→ **Action item**
Up to and including the line that holds "Man Walks All", print the data exactly from its first line; do not print the pictures.

→ **Recorded information**
□ □ □ □ □

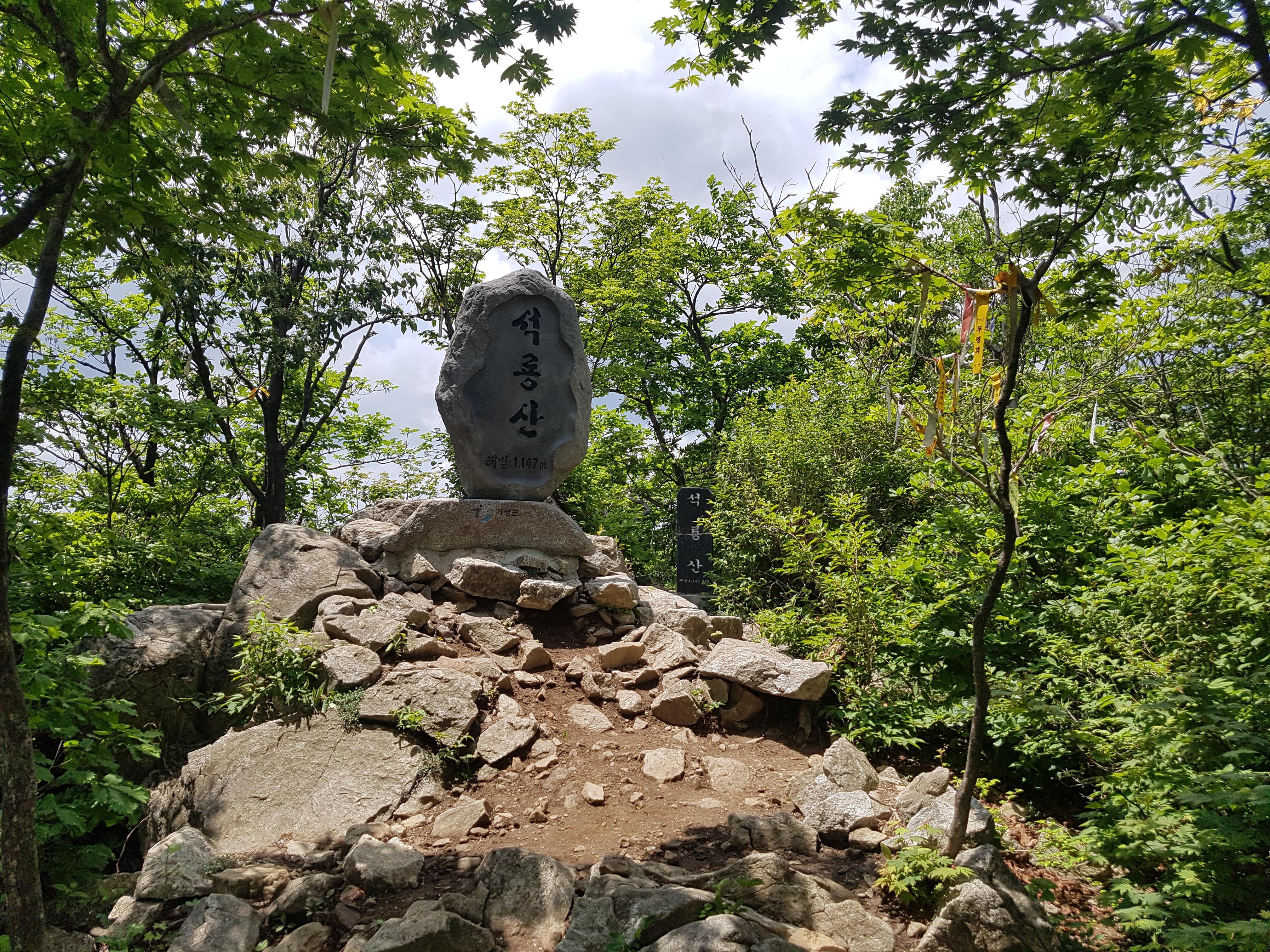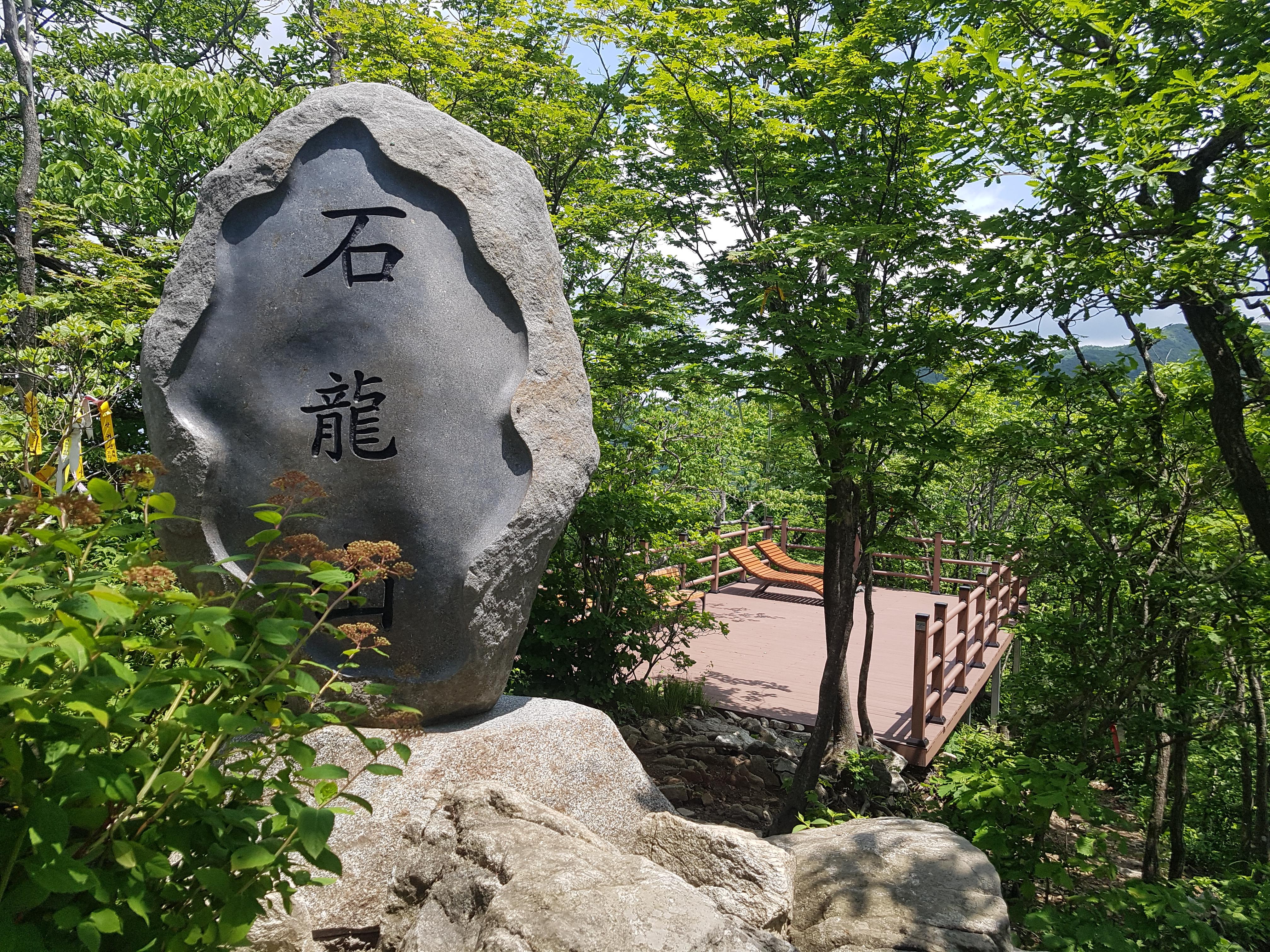 석룡산 정상 도착. 정상에 쉼터가 조성되어 있다.
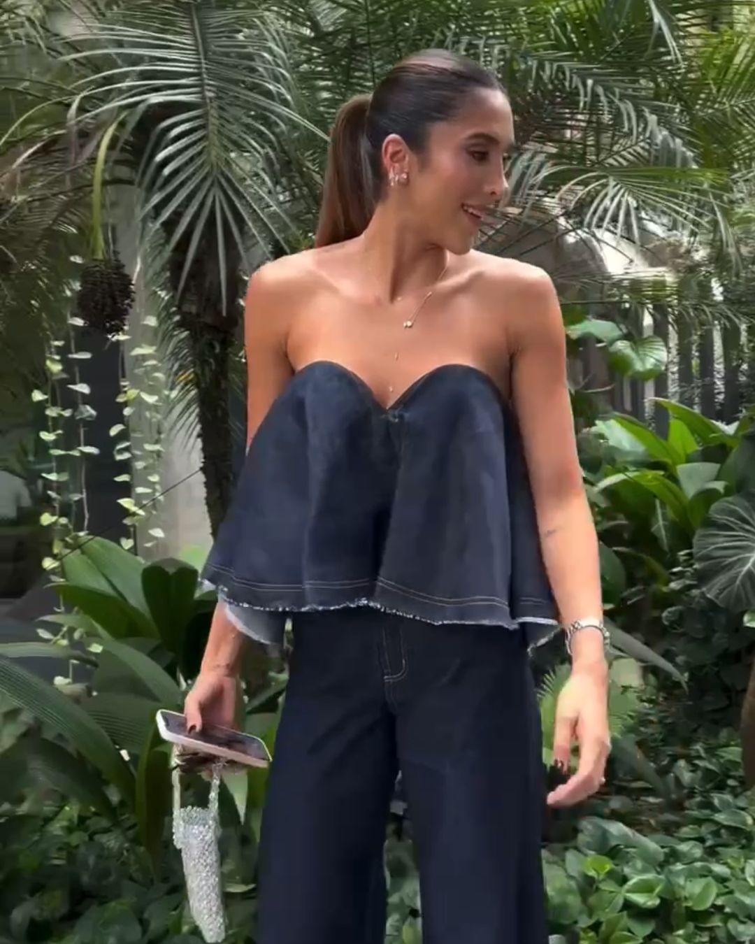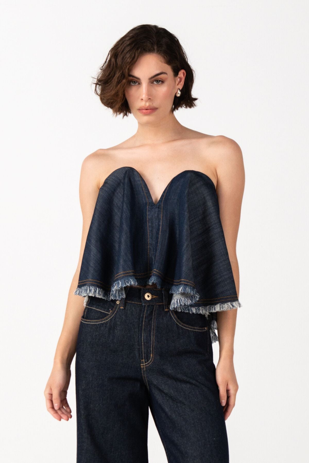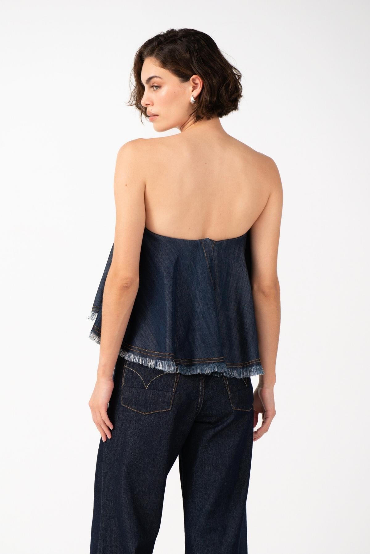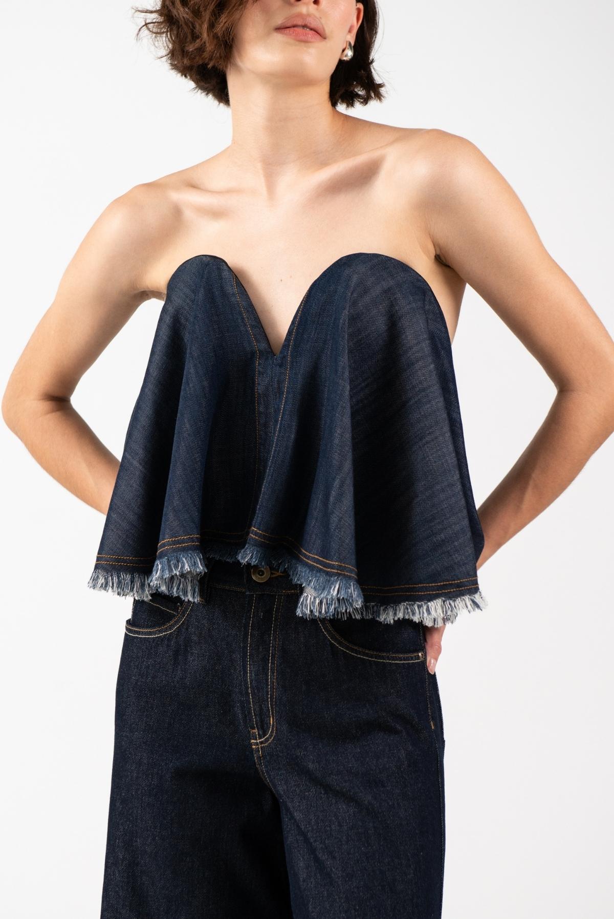 Esta pieza está confeccionada en índigo liviano. Su silueta amplia aporta dinamismo y un aire divertido, mientras que el escote en forma de corazón y su estructura interna tipo corset brindan soporte, sensualidad y comodidad. Los acabados rústicos le otorgan un carácter auténtico, logrando un equilibrio perfecto entre la suavidad femenina y la fuerza del denim.
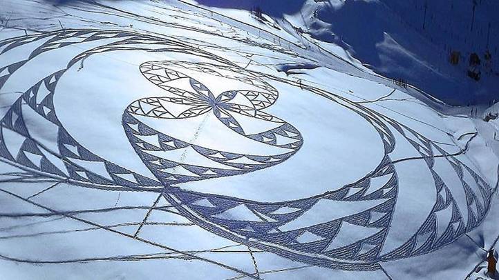 Man Walks All Day to Create Spectacular Snow Patterns.
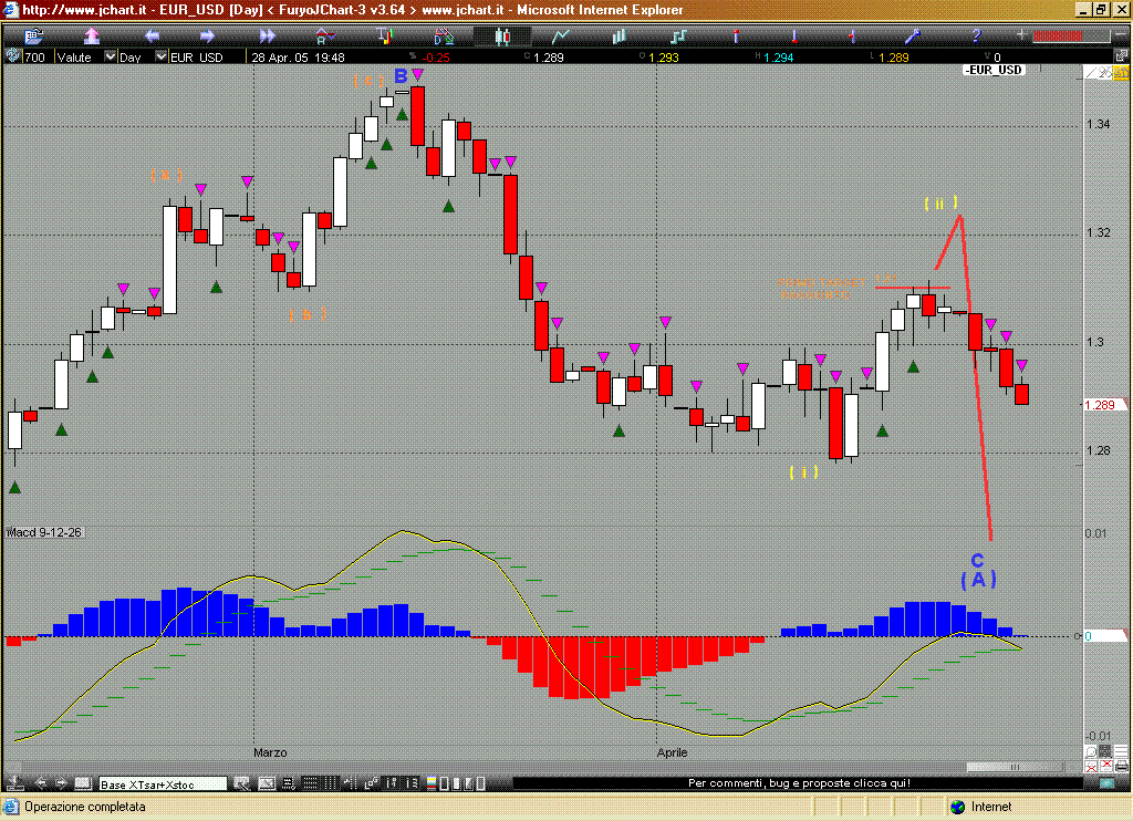 After (April 11-15) wave b decline, the euro is on its way up toward 1.3120-1.3135 in wave c of a bearish expanded flat corrective wave (ii) rally.)....  ora sembra avere spazio per scendere vedremo domani sara' molto importante la conferma del segnale sul macd...

□ □ □ □ □

→ **Answer for this exercise**
 석룡산 정상 도착. 정상에 쉼터가 조성되어 있다.
 Esta pieza está confeccionada en índigo liviano. Su silueta amplia aporta dinamismo y un aire divertido, mientras que el escote en forma de corazón y su estructura interna tipo corset brindan soporte, sensualidad y comodidad. Los acabados rústicos le otorgan un carácter auténtico, logrando un equilibrio perfecto entre la suavidad femenina y la fuerza del denim.
 Man Walks All Day to Create Spectacular Snow Patterns.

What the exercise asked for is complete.